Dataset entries
[Start of section]
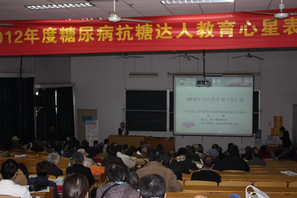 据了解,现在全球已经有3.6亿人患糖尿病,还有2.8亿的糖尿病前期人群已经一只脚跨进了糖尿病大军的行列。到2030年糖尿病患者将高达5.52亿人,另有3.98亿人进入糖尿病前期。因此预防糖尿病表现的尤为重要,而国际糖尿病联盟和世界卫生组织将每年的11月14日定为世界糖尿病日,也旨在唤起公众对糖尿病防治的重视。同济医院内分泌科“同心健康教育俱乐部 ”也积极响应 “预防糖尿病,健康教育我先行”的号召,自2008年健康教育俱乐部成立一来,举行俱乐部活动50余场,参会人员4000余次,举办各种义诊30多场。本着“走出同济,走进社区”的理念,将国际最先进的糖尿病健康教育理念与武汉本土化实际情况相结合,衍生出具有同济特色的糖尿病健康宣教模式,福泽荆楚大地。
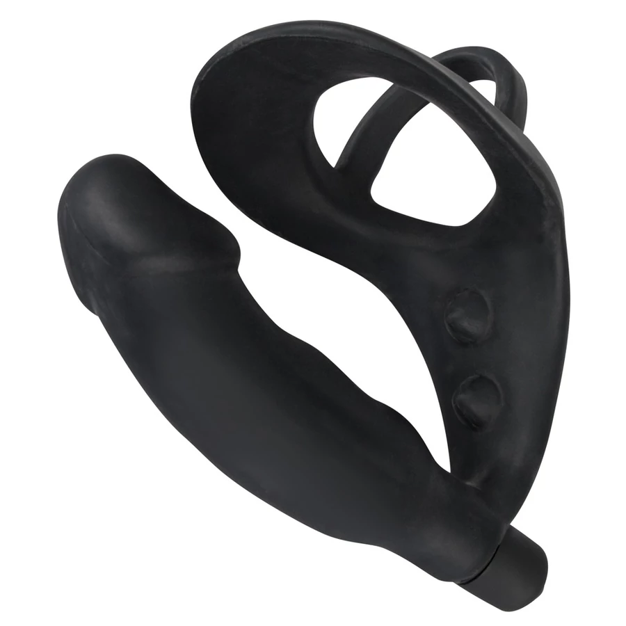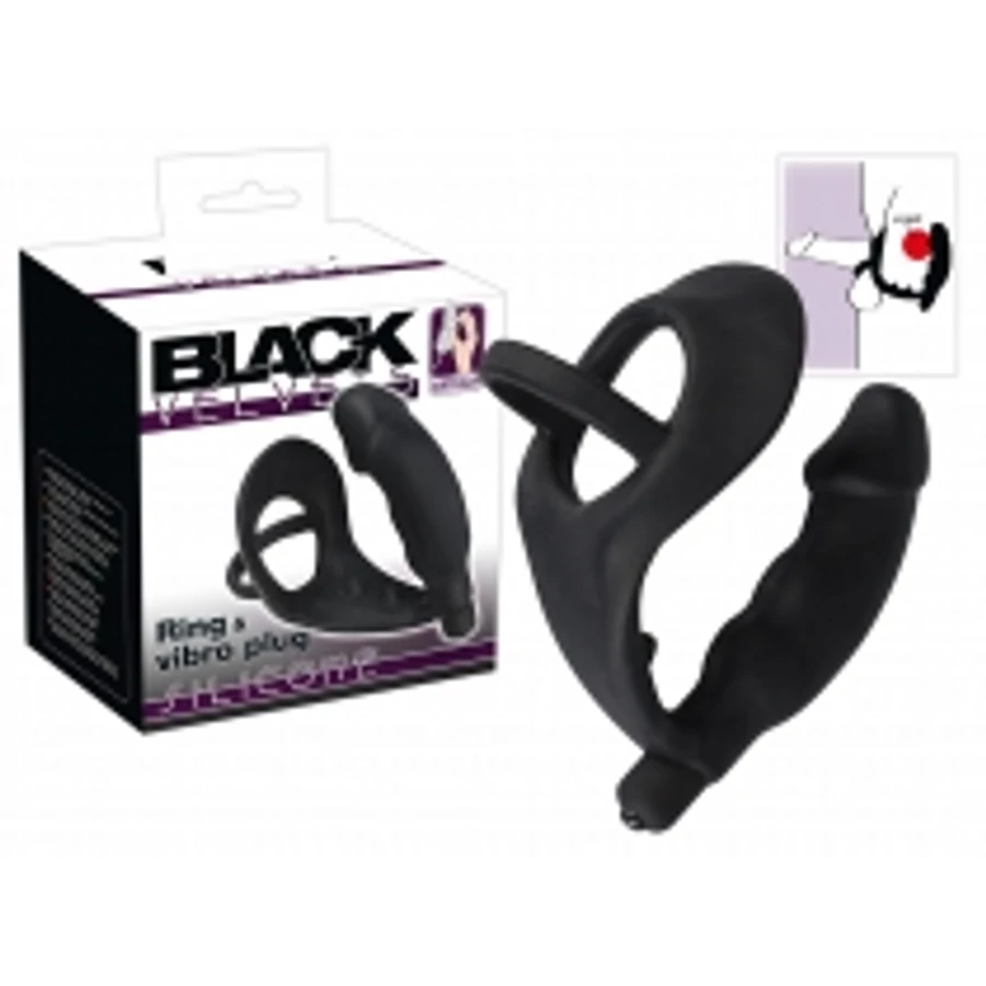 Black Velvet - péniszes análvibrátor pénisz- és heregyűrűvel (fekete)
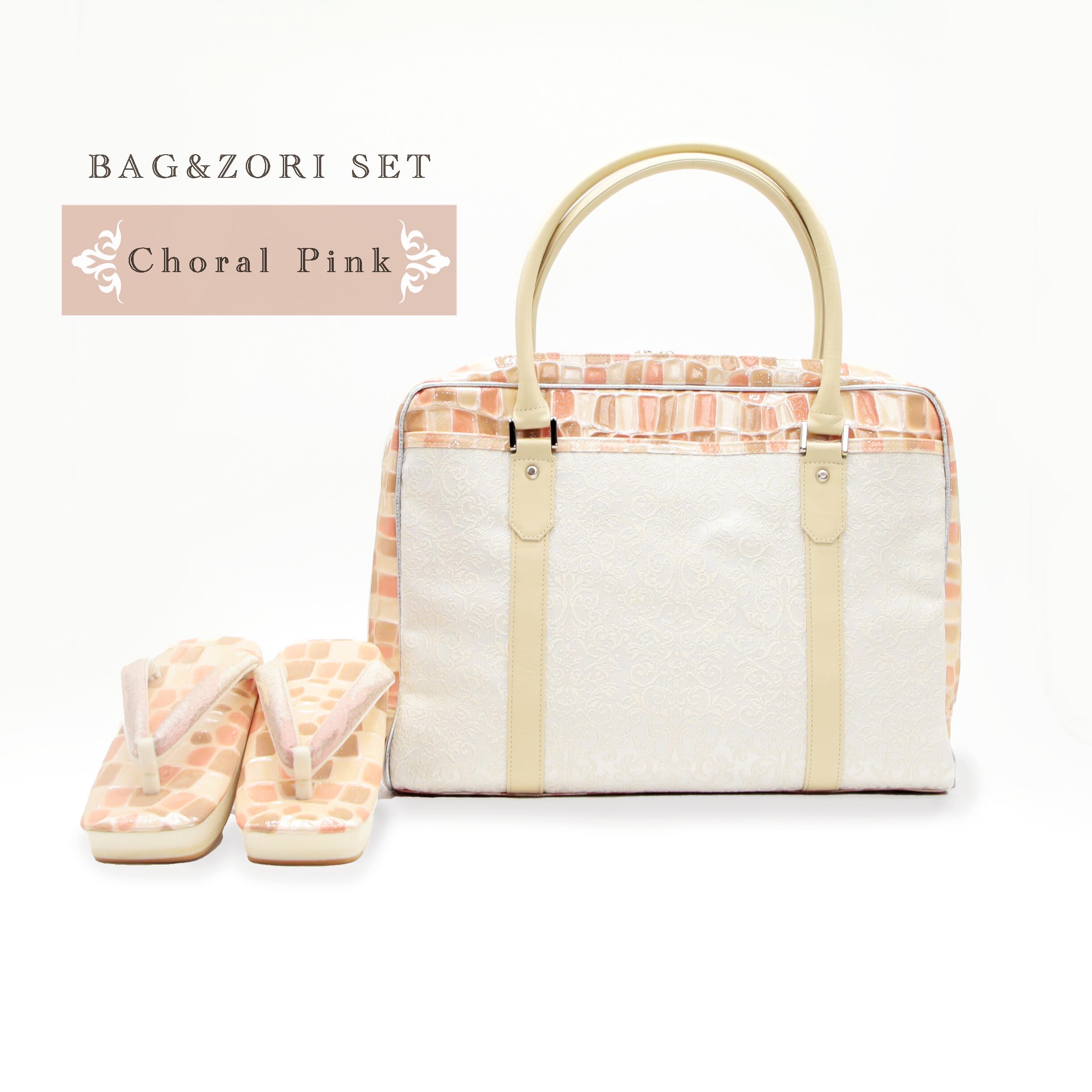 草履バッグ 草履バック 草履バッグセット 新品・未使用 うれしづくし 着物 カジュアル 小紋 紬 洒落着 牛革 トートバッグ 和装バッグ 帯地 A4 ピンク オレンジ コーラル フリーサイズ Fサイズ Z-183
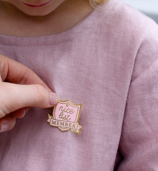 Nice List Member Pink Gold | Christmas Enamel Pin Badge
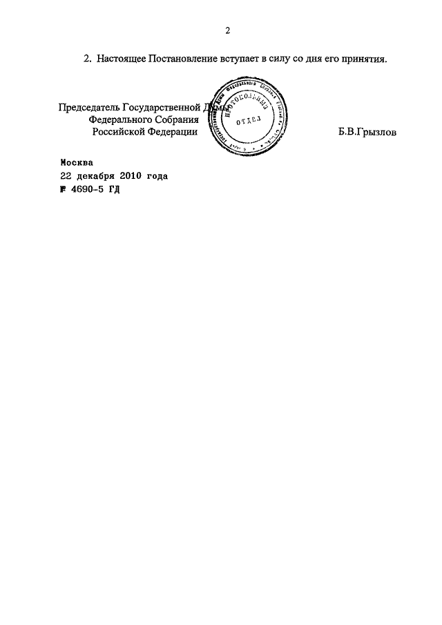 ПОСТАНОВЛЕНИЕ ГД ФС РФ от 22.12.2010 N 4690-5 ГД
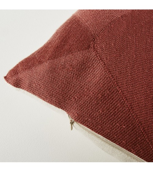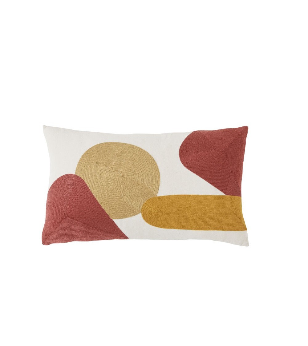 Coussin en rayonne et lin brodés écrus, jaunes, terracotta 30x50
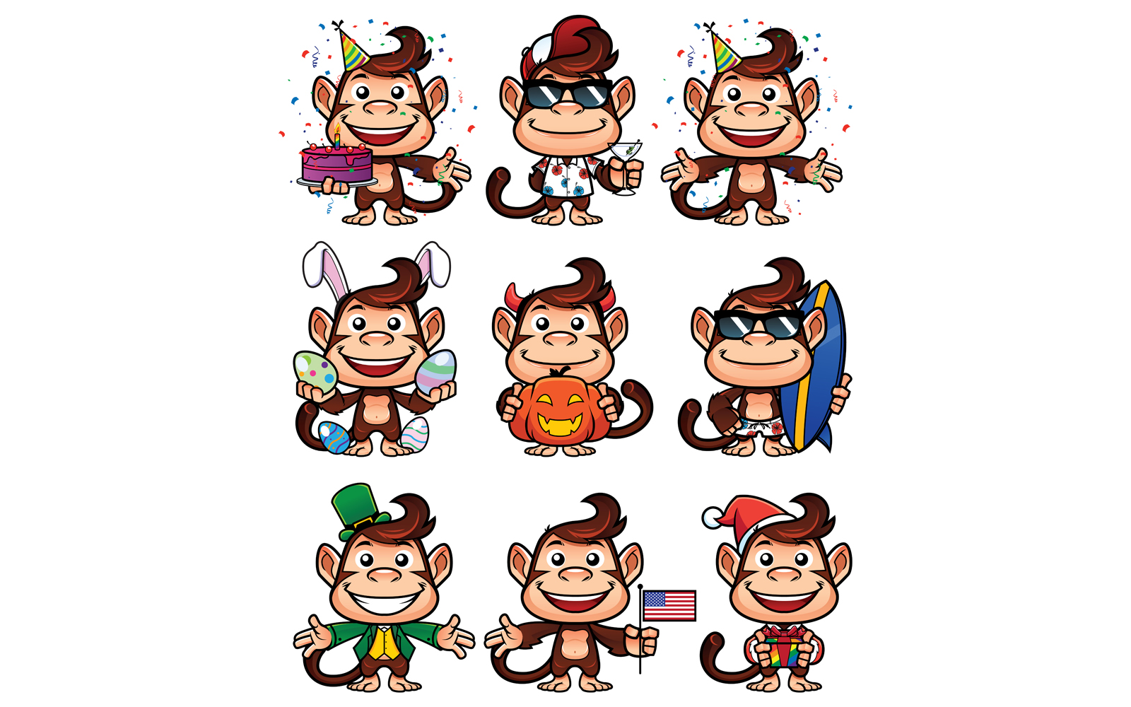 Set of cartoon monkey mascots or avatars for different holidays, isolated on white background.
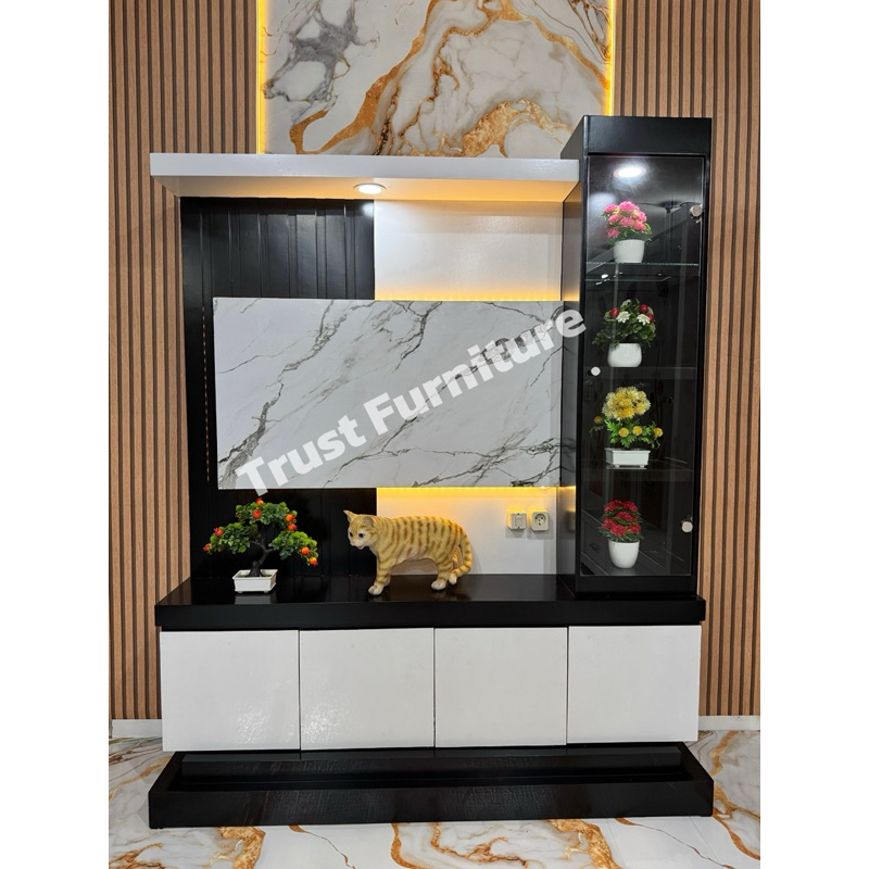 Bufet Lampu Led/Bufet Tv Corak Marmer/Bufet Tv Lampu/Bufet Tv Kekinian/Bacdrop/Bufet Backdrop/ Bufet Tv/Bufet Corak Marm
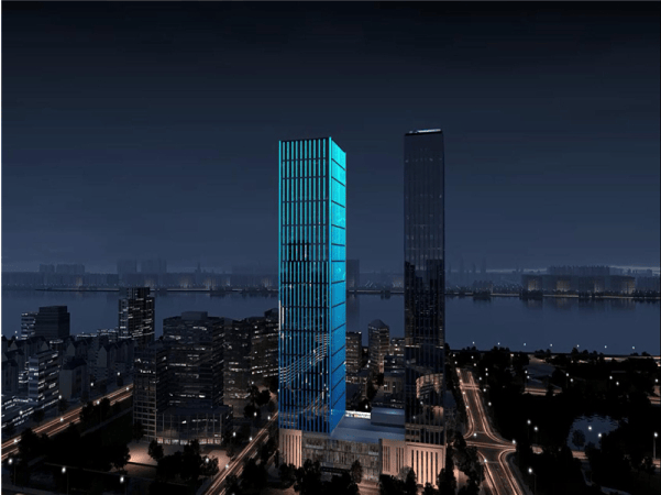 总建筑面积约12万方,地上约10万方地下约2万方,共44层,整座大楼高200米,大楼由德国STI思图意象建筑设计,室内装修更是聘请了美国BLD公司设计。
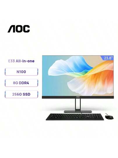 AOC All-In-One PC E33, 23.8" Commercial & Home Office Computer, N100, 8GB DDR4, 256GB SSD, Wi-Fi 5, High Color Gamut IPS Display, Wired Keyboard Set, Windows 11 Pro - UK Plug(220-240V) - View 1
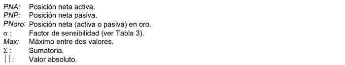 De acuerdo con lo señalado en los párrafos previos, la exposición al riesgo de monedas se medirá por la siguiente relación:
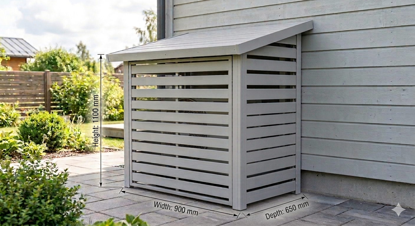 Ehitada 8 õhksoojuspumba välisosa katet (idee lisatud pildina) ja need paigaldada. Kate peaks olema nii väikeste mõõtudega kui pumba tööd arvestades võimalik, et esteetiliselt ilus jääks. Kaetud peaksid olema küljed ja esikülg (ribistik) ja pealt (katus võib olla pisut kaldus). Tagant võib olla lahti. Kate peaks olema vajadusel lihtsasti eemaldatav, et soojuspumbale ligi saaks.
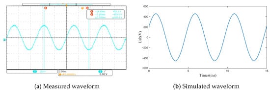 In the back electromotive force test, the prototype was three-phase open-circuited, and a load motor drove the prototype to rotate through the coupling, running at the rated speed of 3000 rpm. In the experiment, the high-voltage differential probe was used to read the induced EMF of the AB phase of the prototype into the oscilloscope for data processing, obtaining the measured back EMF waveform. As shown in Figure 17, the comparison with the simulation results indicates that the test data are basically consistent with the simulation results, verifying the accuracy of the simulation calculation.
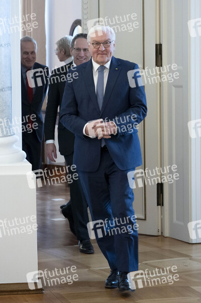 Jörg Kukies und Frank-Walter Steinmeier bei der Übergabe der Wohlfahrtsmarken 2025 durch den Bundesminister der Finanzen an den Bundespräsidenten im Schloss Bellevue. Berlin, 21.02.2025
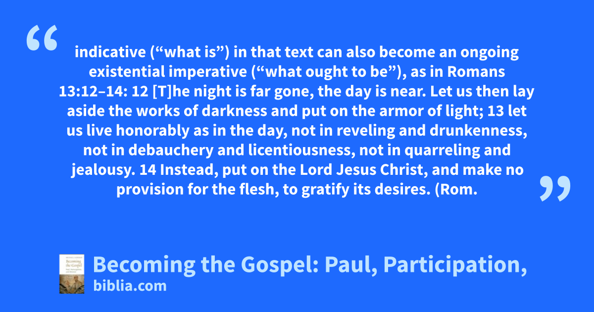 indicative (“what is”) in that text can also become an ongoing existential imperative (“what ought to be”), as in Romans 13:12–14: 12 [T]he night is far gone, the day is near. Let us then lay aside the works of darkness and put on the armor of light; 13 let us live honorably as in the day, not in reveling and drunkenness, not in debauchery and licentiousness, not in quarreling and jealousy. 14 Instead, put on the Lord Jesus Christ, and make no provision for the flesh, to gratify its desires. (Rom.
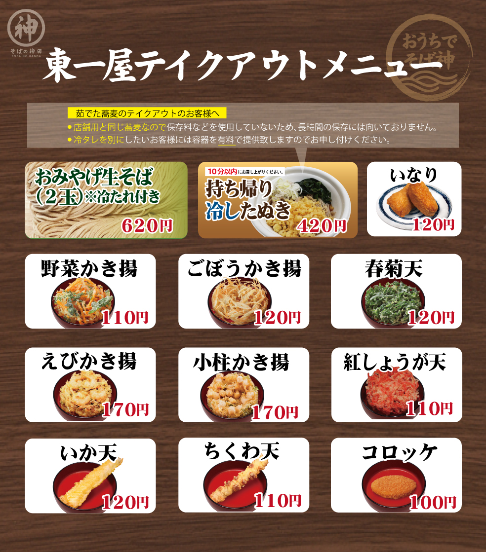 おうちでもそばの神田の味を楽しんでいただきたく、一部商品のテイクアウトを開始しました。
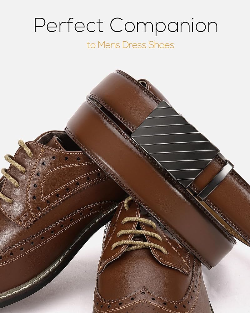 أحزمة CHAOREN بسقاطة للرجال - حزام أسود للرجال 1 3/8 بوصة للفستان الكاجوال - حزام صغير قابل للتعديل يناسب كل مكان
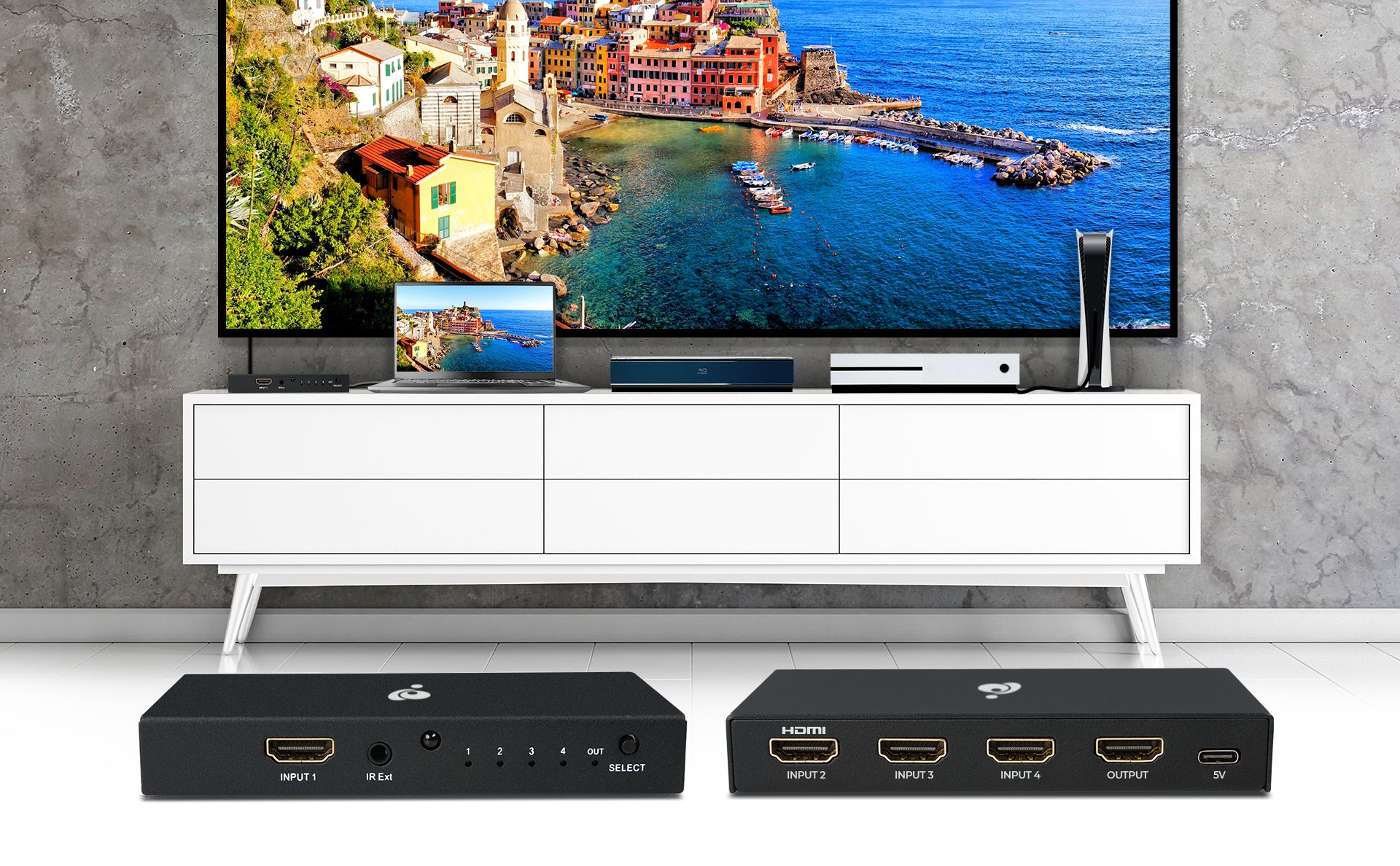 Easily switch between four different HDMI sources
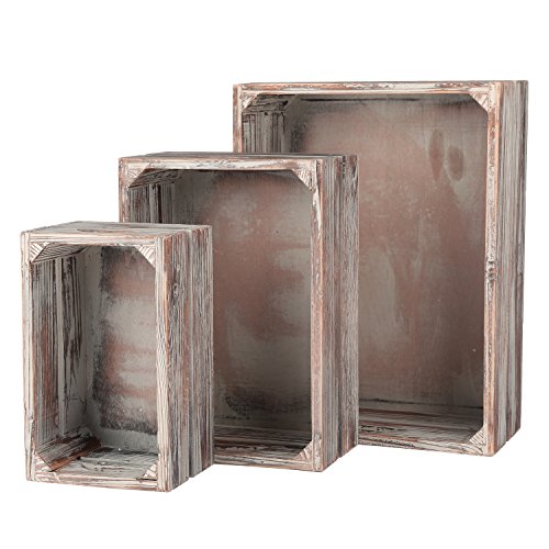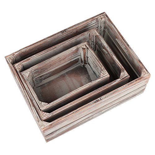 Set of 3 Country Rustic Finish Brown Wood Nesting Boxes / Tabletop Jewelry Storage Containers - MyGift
[End of section]
▶ [TRY IT]: An exact copy is needed of the stretch above that opens with the line containing "草履バッグ 草履バック 草履バッグセット" and closes with the line containing "Ehitada 8 õhksoojuspumba"; the pictures are not part of it.

▶ [ANSWER BOX]:
 草履バッグ 草履バック 草履バッグセット 新品・未使用 うれしづくし 着物 カジュアル 小紋 紬 洒落着 牛革 トートバッグ 和装バッグ 帯地 A4 ピンク オレンジ コーラル フリーサイズ Fサイズ Z-183
 Nice List Member Pink Gold | Christmas Enamel Pin Badge
 ПОСТАНОВЛЕНИЕ ГД ФС РФ от 22.12.2010 N 4690-5 ГД
 Coussin en rayonne et lin brodés écrus, jaunes, terracotta 30x50
 Set of cartoon monkey mascots or avatars for different holidays, isolated on white background.
 Bufet Lampu Led/Bufet Tv Corak Marmer/Bufet Tv Lampu/Bufet Tv Kekinian/Bacdrop/Bufet Backdrop/ Bufet Tv/Bufet Corak Marm
 总建筑面积约12万方,地上约10万方地下约2万方,共44层,整座大楼高200米,大楼由德国STI思图意象建筑设计,室内装修更是聘请了美国BLD公司设计。
 AOC All-In-One PC E33, 23.8" Commercial & Home Office Computer, N100, 8GB DDR4, 256GB SSD, Wi-Fi 5, High Color Gamut IPS Display, Wired Keyboard Set, Windows 11 Pro - UK Plug(220-240V) - View 1
 De acuerdo con lo señalado en los párrafos previos, la exposición al riesgo de monedas se medirá por la siguiente relación:
 Ehitada 8 õhksoojuspumba välisosa katet (idee lisatud pildina) ja need paigaldada. Kate peaks olema nii väikeste mõõtudega kui pumba tööd arvestades võimalik, et esteetiliselt ilus jääks. Kaetud peaksid olema küljed ja esikülg (ribistik) ja pealt (katus võib olla pisut kaldus). Tagant võib olla lahti. Kate peaks olema vajadusel lihtsasti eemaldatav, et soojuspumbale ligi saaks.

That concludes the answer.